Tuesday, October 27, 2009

Pet Peeve: Estate Taxes

TW: And it is not because I dislike them. In fact my peeve is that some folks would end them. A favorite Republican gambit is the repeal of the "death" tax. The Republicans have been successful in reducing estate taxes but they would like to do more. One Senate bill described below would add roughly $250 billion to the deficits over the next ten years (and no the conservatives have not defined how they would "pay" for this gift to the wealthy).

Americans are terribly aspirational, a great thing, but the reality is the vast majority will never attain the asset levels subject to the estate tax. Republicans moan that "small business" owner and little, old farmers bear significant estate taxes...bullshit. The vast majority of these taxes are paid by folks with assets exceeding $10MM.

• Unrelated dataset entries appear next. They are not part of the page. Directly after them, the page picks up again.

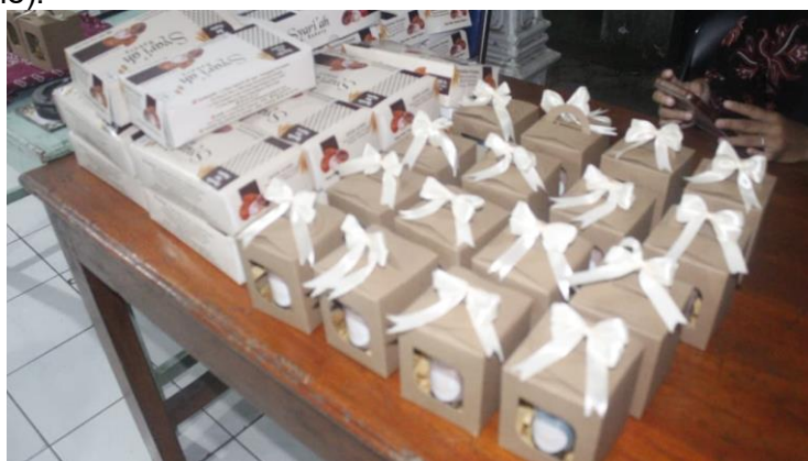
Gambar 3. Hasil Pelatihan Literasi Lingkungan

Pada gambar 3, merupakan bagian tahap ketiga adalah edukasi dan pelatihan, yang bertujuan meningkatkan literasi lingkungan masyarakat. Materi edukasi mencakup pengenalan ekosistem pesisir, dampak kerusakan lingkungan, serta praktik pengelolaan sampah berbasis konsep 3R (Reduce, Reuse, Recycle).
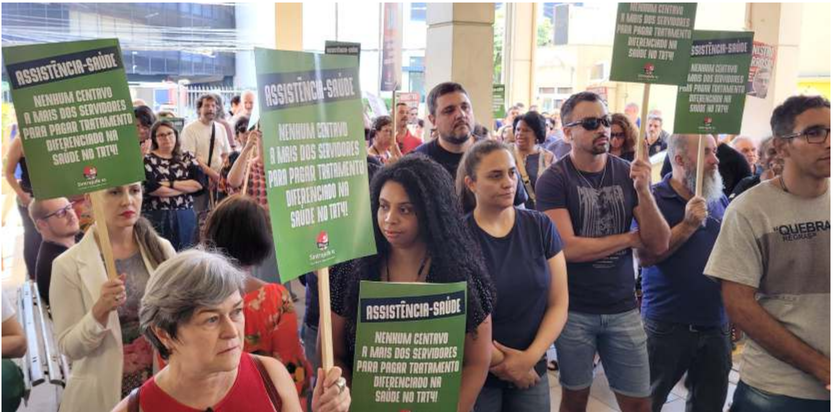
Ato público, em março, nas varas trabalhistas exige isonomia entre servidores e magistrados

▶ O Sintrajufe/RS convoca os servidores e as servidoras da Justiça do Trabalho para ato público no dia 5 de novembro, às 13h, nas varas trabalhistas de Porto Alegre. A mobilização foi aprovada na assembleia de base realizada em 14 de outubro, a fim de pressionar o CSJT pelo aumento emergencial do subsídio do plano de saúde do TRT4, que está congelado em R$ 546,00 desde 2022. O reajuste dos valores do novo contrato com a Unimed foi de 30%, em média, e passa a vigorar a partir de 1º de novembro.
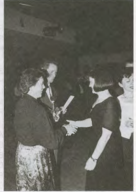
Die glücklichen Gewinner

Americans have prided themselves on equality of opportunity and social mobility but wealth begets wealth. Wealth may not buy happiness but it buys education, connections, legal counsel and other power levers unavailable to those less well-endowed. One means, not the only, to mitigate the accumulation of power by elites is an estate tax. If folks want to index the asset levels, fine, even raising the minimum to $5MM is somewhat defensible although not necessary. But cutting the tax on the higher levels should not happen. What the U.S. does not need is yet more tax changes to improve the lot of those with the most.

From the Economist:
"...the Senate's Lincoln-Kyl bill to cap the estate tax at 35% (down from the current 45%), raise the exemption from $3.5m to $5m per person, and index the exemption to inflation. In its first decade after taking effect (2012-2021), the Center on Budget and Policy Priorities found, the bill would cost $250 billion over current law. The tax, notes the Center on Tax Policy, affects just 0.2% of decedents, or 6,000 households per year; 84% of the tax is paid by the extremely wealthy, with estates worth over $10m. Current law is already vastly more generous to wealthy estates than it was in 2000, when the exemption was set at $600,000[and the top rate was 55%]...

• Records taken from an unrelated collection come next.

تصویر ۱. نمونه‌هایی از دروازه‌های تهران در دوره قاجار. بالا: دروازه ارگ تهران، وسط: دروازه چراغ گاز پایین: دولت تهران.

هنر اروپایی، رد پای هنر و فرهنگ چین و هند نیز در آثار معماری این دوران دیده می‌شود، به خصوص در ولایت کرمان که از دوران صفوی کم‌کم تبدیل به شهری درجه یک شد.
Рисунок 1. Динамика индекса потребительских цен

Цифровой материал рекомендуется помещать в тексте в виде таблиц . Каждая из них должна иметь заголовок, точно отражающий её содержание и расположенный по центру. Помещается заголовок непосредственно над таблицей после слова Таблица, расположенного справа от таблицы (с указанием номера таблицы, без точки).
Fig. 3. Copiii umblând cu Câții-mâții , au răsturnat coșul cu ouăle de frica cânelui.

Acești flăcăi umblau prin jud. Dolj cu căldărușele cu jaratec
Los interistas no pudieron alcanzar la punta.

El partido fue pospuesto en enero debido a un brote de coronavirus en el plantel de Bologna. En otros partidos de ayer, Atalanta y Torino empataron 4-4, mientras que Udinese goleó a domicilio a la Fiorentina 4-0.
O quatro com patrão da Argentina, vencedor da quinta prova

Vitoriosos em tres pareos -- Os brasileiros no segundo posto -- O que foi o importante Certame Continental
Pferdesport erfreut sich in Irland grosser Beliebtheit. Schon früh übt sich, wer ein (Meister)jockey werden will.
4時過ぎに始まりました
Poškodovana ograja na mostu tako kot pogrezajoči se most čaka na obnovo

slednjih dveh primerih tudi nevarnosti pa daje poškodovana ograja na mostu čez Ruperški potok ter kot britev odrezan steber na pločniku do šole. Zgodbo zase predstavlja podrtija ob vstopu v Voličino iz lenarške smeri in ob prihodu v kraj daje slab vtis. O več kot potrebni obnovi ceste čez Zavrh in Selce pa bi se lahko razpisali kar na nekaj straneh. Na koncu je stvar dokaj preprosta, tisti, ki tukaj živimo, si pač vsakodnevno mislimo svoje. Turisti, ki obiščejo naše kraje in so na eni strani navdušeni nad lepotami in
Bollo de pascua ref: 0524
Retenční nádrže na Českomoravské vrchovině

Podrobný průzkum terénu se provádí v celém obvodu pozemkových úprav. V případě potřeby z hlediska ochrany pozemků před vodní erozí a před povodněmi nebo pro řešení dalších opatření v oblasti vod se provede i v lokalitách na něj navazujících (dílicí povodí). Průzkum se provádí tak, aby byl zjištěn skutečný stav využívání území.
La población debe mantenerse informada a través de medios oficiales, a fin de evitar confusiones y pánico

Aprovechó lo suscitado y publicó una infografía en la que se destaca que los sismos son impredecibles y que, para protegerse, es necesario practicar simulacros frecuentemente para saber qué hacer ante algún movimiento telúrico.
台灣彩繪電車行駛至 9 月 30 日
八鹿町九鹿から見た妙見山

One of the standard attacks on the estate tax is the claim that it forces small business and farm owners' children to sell the family property because they don't have enough liquid assets to pay the tax. The American Farm Bureau claims that even the current version of the law "threaten(s) family-owned farm and ranches and the livelihoods of families who make their living in production agriculture", though the trade association provides no figures on how many farms are actually liable. The Tax Policy Center finds just 100 small family businesses and farms would pay any tax under current law; the Department of Agriculture's Economic Research Unit found 554 farms would be liable in 2009, but many of those may not meet any reasonable definition of "small". And Congress has already enacted measures letting farmers value their land at the lower "farm use value" rather than fair market value, exclude 40% of the value of the land, and repay the tax in installments over 15 years. Perhaps there ought to be some limits on how much more revenue our heavily indebted government should forego to cater to a few hundred people a year who have the misfortune to inherit assets worth over $3.5m.

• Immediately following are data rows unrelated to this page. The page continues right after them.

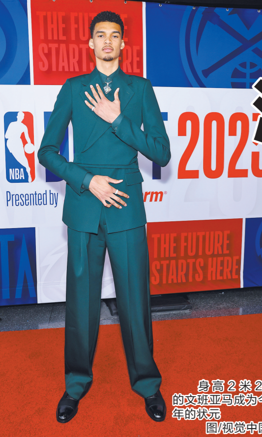
身高2米24的文班亚马成为今年的状元

文班亚马的到来，不能一劳永逸地解决马刺的问题，这支上赛季排名联盟倒数的球队还需要在文班亚马身边囤积更多的才能，再经过数年磨合，才可以让球队重回豪强行列。现阶段马刺阵中尚有控卫的“天坑”需要弥补，球队在选中文班亚马后，也将围绕他的成长进行一系列长期团队建设。
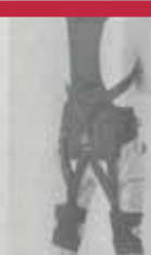
ワーキングパワーーツ

西村製作 気体溶解装置を出展 高酸素水で植物を活性化 西村製作は、気体溶解装置「高酸ファイター」を出展する。この装置は、空気中の酸素を水に溶解させ、植物の根元に供給する。これにより、植物の成長を促進し、病害を予防することができる。また、高酸素水は、土壌のpHを調整し、養分の吸収を助ける効果もある。価格は、1台約10万円。問い合わせ先は、西村製作（〒100-0001 東京都千代田区千代田1-1-1）。
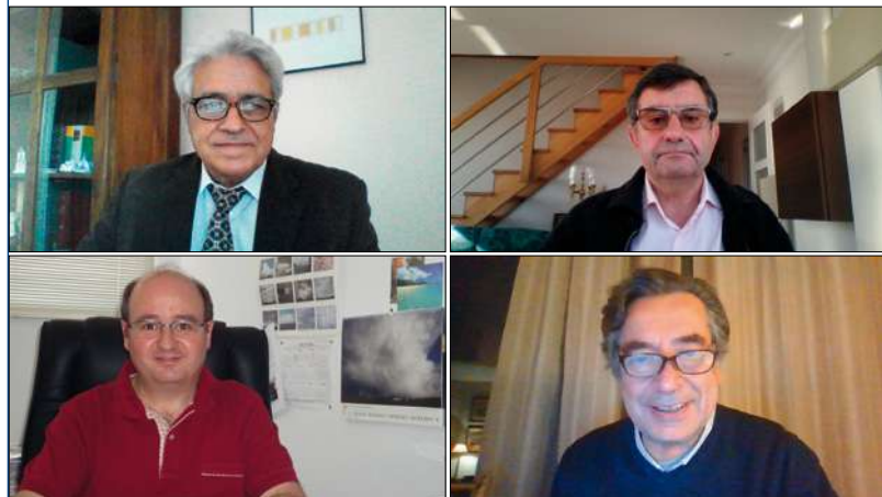
Figura 4. Algunos de los participantes en la junta virtual del 4 de noviembre de 2020

Por lo que respecta a la procedencia geográfica, tal como vemos en la figura 2 y 3, tenemos lectores en 63 países con 66 idiomas diferentes. El pasado trimestre destacaron: España (41.89 %), México (23.37 %), Estados Unidos (5.28 %), Perú (4.88 %), Argentina (4.82 %), Ecuador (3.64 %), Colombia
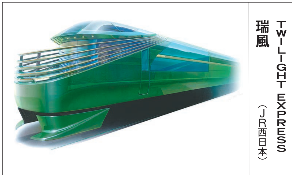
TWILIGHT EXPRESS 瑞風 (JR西日本)

2017年6月17日運行開始。京都、大阪を起点に山陽、山陰を最大2泊3日で巡る。コンセプトは「美しい日本をホテルが走る」。最上級のザ・スイートは1両1室というぜいたくなスペース。本格的なバスタブ付きバスルームを備える。
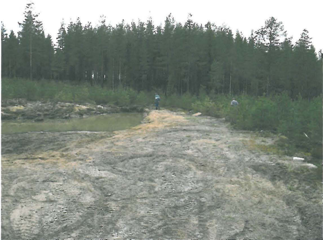
Kuva 5. Uusi löytöpaikka, Oosinkangas 3, sijaitsee Oosinkangas 1:stä noin 500 metriä luoteeseen.
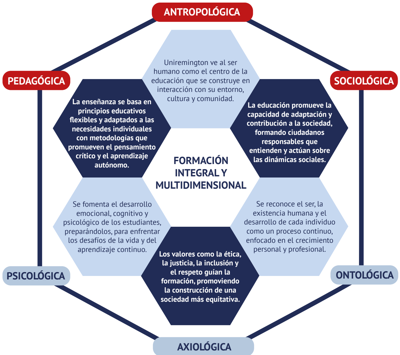
Figura 4. Visión filosófica para una formación integral y transformadora.
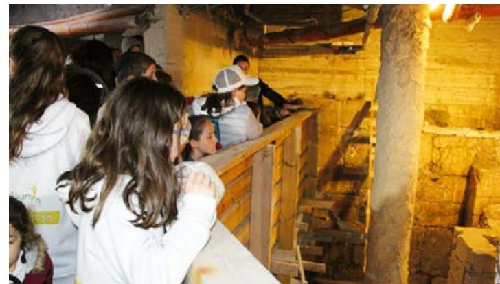
En av barnens första utflykter var till Gamla stan i Jerusalem.

Judiska barnflyktingar från Ukraina får via Keren Kajemet en fristad i Israel
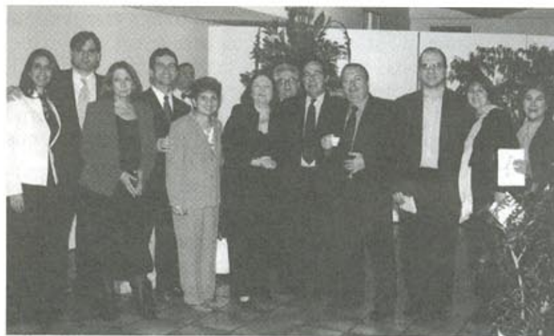
Nélide Piñon con consejeros del CRE y Directivos de Entidades.
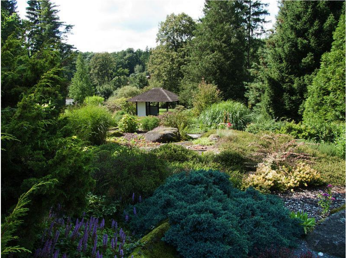
Obr. 5 - Jeden ze zahradních altánů
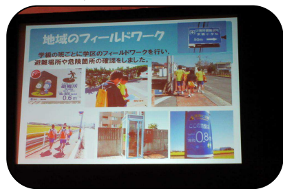
興除中学校「フィールドワーク」

高取校区クリーン&ドリームタウンプロジェクトを通して、自分たちの力でゴミのない美しい公園の実現に尽力しています。
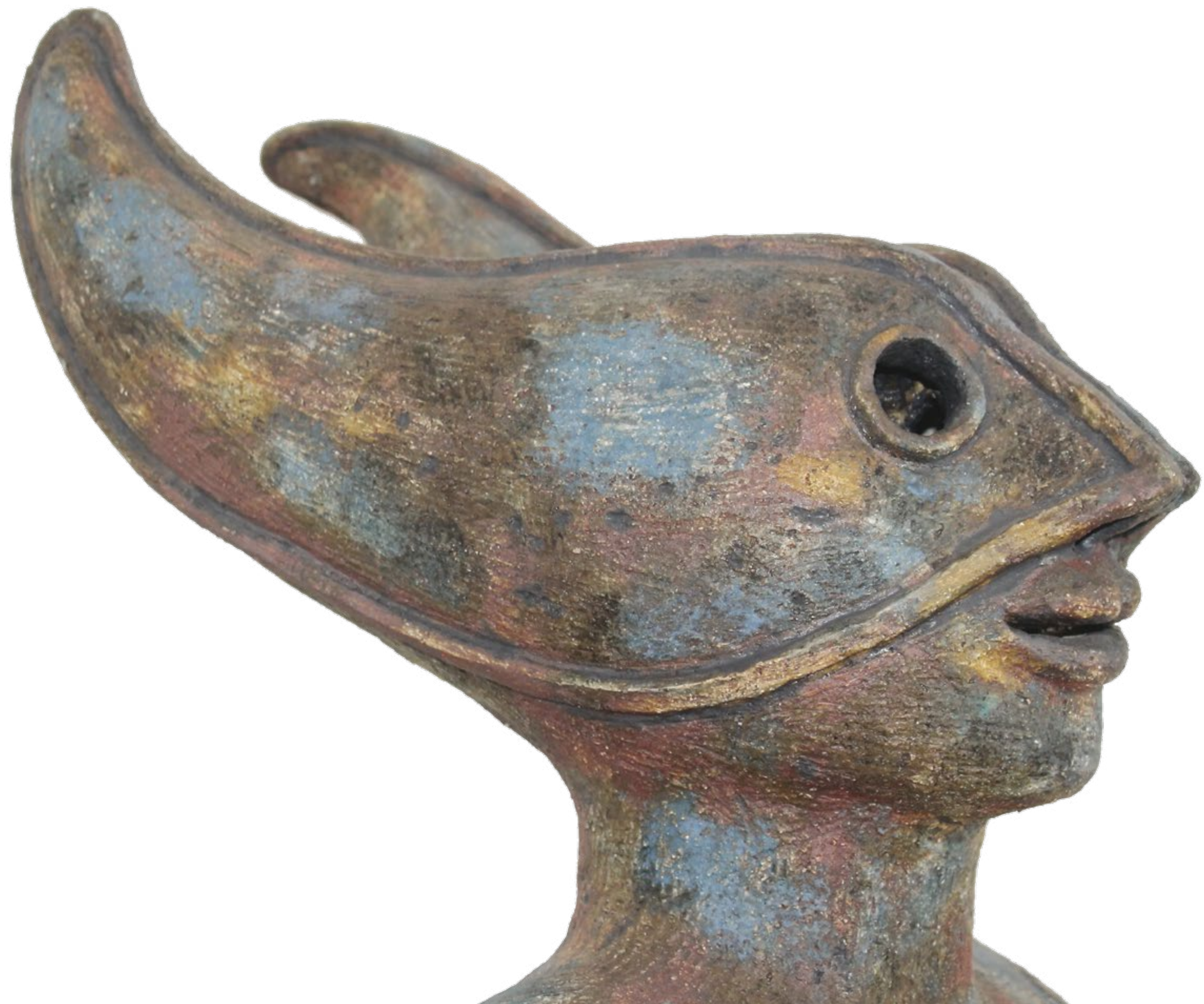
OBRA Serie Sirenas

...What kind of deficit hawk advocates slashing $250 billion in government revenue over ten years and giving 99.5% of it to extremely wealthy people who inherit millions of dollars from their parents? Clearly, if Artur Davis wants to become governor of Alabama, he's going to need the votes of a lot of people who voted for George Bush. But surely he can find some conservative causes to champion that actually make some sense, rather than playing along with the Bush-era philosophy of massive, deceptively-marketed tax cuts skewed towards the very rich that have left America with a crippling legacy of public debt."